By far the worst offender here is the Microsoft DOM implementation in MSXML and .NET. While MSXML supports all the standard parts of DOM, it also includes many, many nonstandard extensions. Worse yet, very little third-party documentation and almost no official Microsoft documentation bothers to note the difference between the standard parts and the Microsoft extensions. Most tutorials and sample code make very heavy use of the Microsoft extensions, even to the point where there's almost no standard DOM code left. (By contrast, the documentation for Xerces-J focuses almost exclusively on the standard DOM interfaces. The documentation for the nonstandard extensions is relatively hidden, and few books discuss it. It is meant primarily for "maintainers and developers of the Xerces2 reference implementation," not for end users, and its existence is an open secret for the initiated.) In particular, be wary of the following fields and methods, which are very common in programs that use the MSXML DOM:

IXMLDOMNode , IXMLDOMNodeList , IXMLDOMAttribute , IXMLDOMComment , IXMLDOMDocument , IXMLDOMElement , IXMLDOMText , and so on
innerXml , outerXml , and xml
innerText , outerText , and text
transformNode
transformNodeToObject
SelectSingleNode
SelectNodes
definition
dataType
baseName
nodeTypedValue
nodeTypeString

These are all nonstandard Microsoft extensions to DOM, and using any of them effectively ties your program to MSXML such that it cannot be easily ported to other implementations.

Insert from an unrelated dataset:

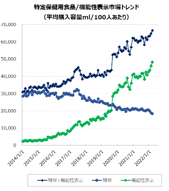 飲料カテゴリーにおいて、特定保健用食品の推移は2017年から下降傾向にある一方、機能性表示食品は2015年以降、継続的に伸長※3。これは、機能性表示食品が、特定保健用食品に比べて幅広いカテゴリーで開発・発売されており、お客様の健康課題に適合していることが一因と考えられる。昨今、お客様の健康志向の高まりに対応し、数多くの商品ラインアップが販売されていることから、飲料カテゴリーにおける機能性表示食品市場は、2022年以降も継続的な拡大が見込まれる。
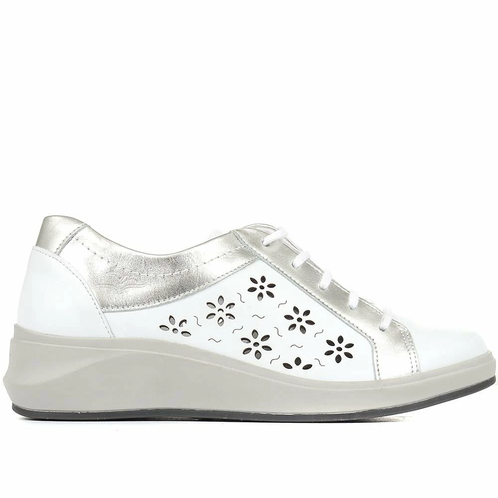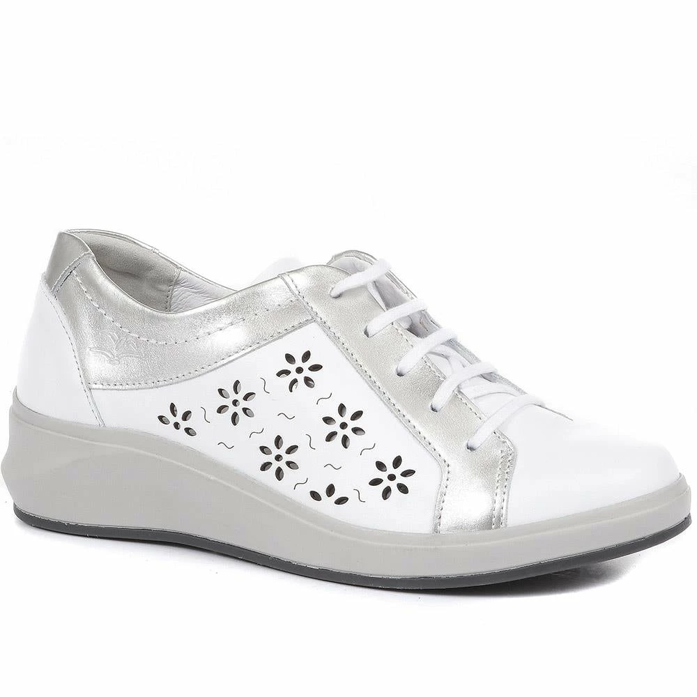 Made to maximise your comfort, these lace-up shoes are crafted with durable leather uppers and delicately detailed with floral cut outs across the quarters to create a fresh foot climate. The pure leather linings will surround and cradle the foot whilst the self-moulding leather footbed will provide personalised underfoot cushioning. Complete with a lightweight sole with raised heel and shock-absorbing properties.

One final thing to keep in mind: Although with care you can swap one DOM implementation for another, you cannot generally mix and match different DOM implementations in the same program. For example, you cannot add a GNU JAXP Element object to a Xerces Document object. Internally, all DOM implementations I've encountered do make intimate use of the detailed implementation classes, rather than limiting themselves to the public interfaces. This may be necessary and even desirable for the implementation internals, but it is not an excuse for doing the same in the public code that lives above the interface.